Yes, that’s how we eat here in the Midwest America.
But in the last couple of weeks I’ve eaten at a two restaurants focusing on so-called “small plates” — dishes that only offer a half-dozen bites or so.
First was Share, a month-old place in the renovated Sheraton in downtown Iowa City. The other day was lunch at the reopened Zins in downtown Cedar Rapids. I wish there were more restaurants like them.
Share goes for hip and laid back. Small wine list but offers bottles, glasses and demi glasses (basically a smaller, cheaper pour). Food is decent, and prices are reasonable.

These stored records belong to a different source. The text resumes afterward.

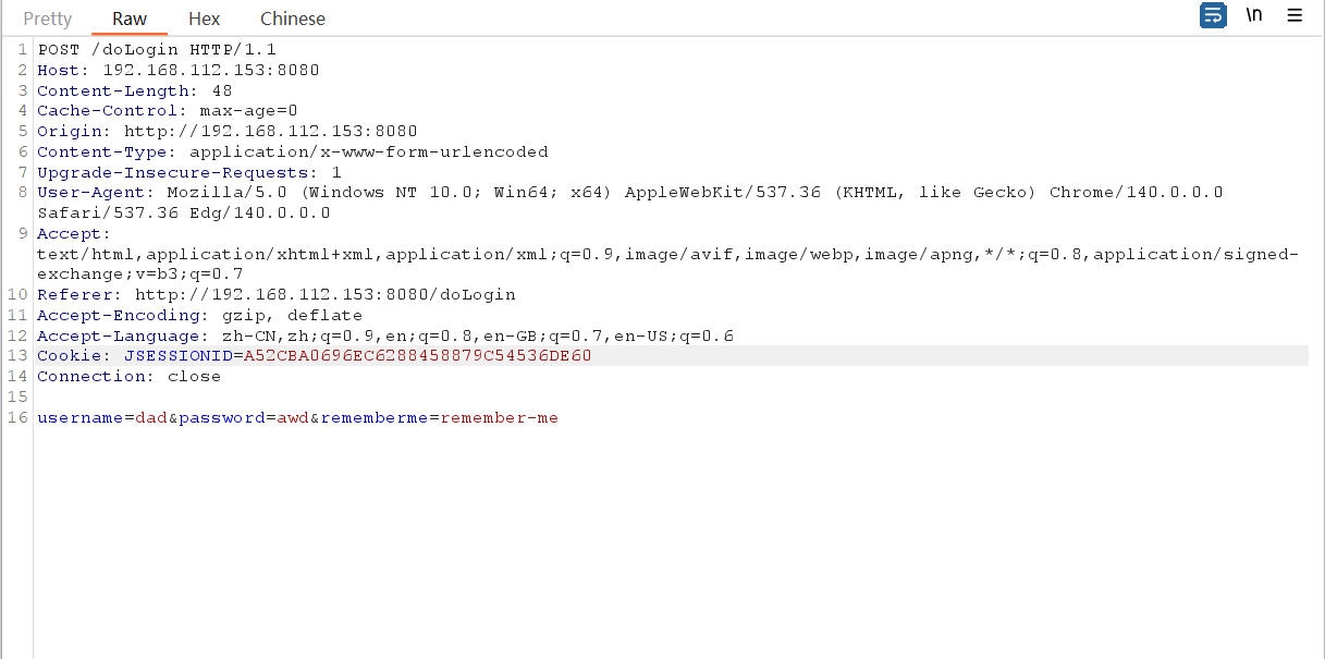 随意输入账号密码,点击 Remember me,然后在登录的时候抓包如下。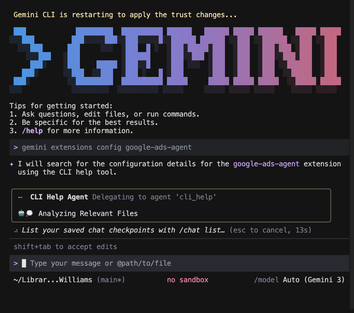 This extension implements every feature type in the Gemini CLI extension spec — the first Google Ads extension to do that. Here’s what that means:
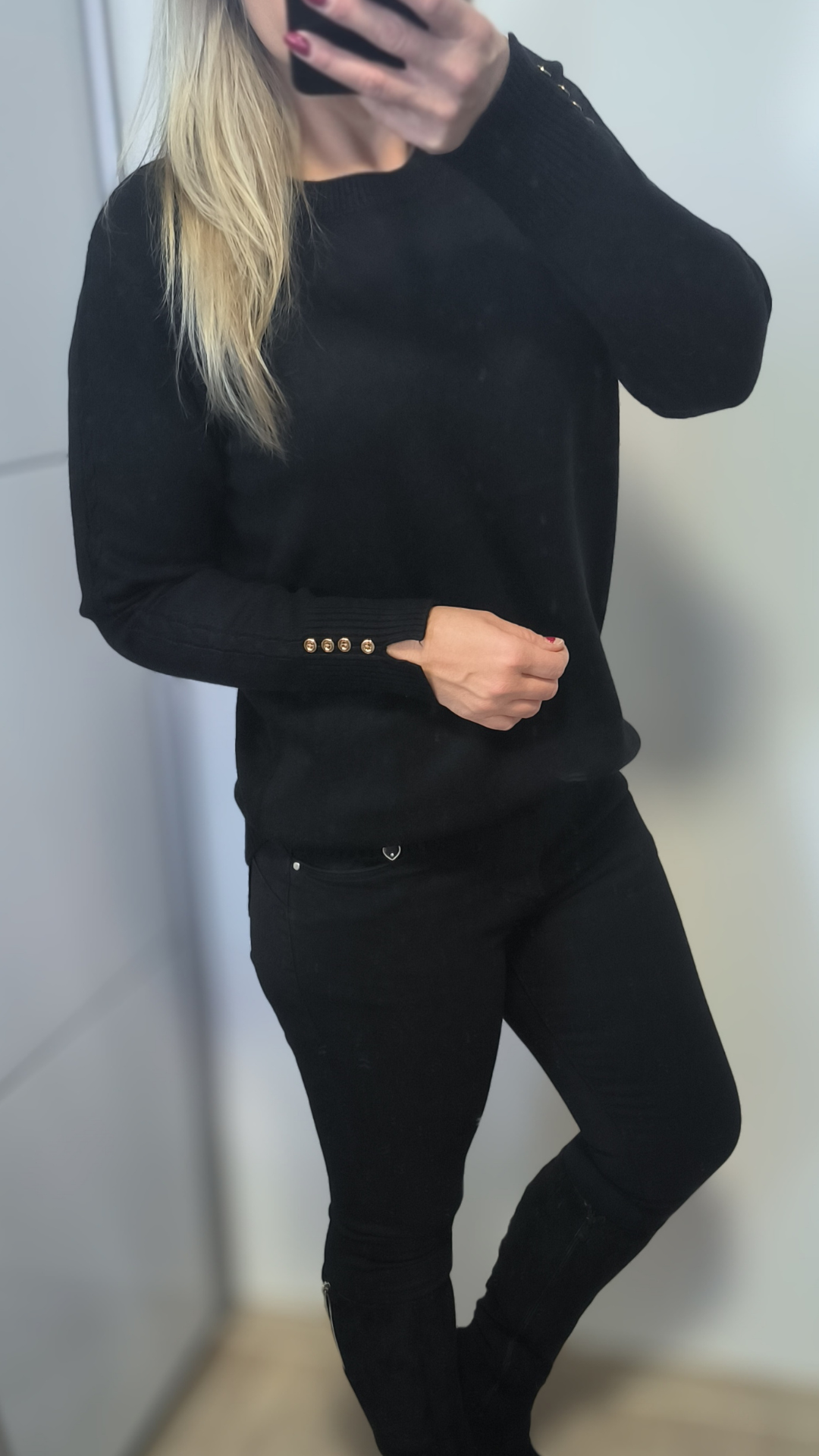 Moderní rozparky na rukávech spolu se zlatými aplikacemi na rukávech vytváří originální design, který zaujme na první pohled. Svetr má pohodlný, který krásně sedí a přizpůsobí se postavě.

It hasn’t had its grand opening yet, so there weren’t a lot of people there when I reviewed the place for Corridor Buzz (under a stunningly dull headline) which was nice.
Zins goes for a little more elegance: white tablecloths and nice china. It reopened exactly one year after it closed from the flooding of Cedar Rapids. (They’ve done a nice, subtle job of memorializing the flood with a blue line and date at the water’s high point in the entry way, and a framed mud-stained tablecloth with batik-like white showing through where glasses, plates and silverware had been.)
Lunch at Zins is a steal (two plates and a drink for $8), and dessert is decent (I tried “bacon & eggs,” which they describe as “vanilla panna cotta with peach puree, chocolate covered bacon with smoked sea salt, espresso caramel sauce” and sounds more interesting than it was).
Oddly, I more comfortable sharing small plates than I am entrees, though entrees could probably benefit more from the treatment since plodding through an entree is pretty boring after a few bites.
That’s why I found it odd when our waitress at Zins seemed surprised that we would order small plates and then, you know, share.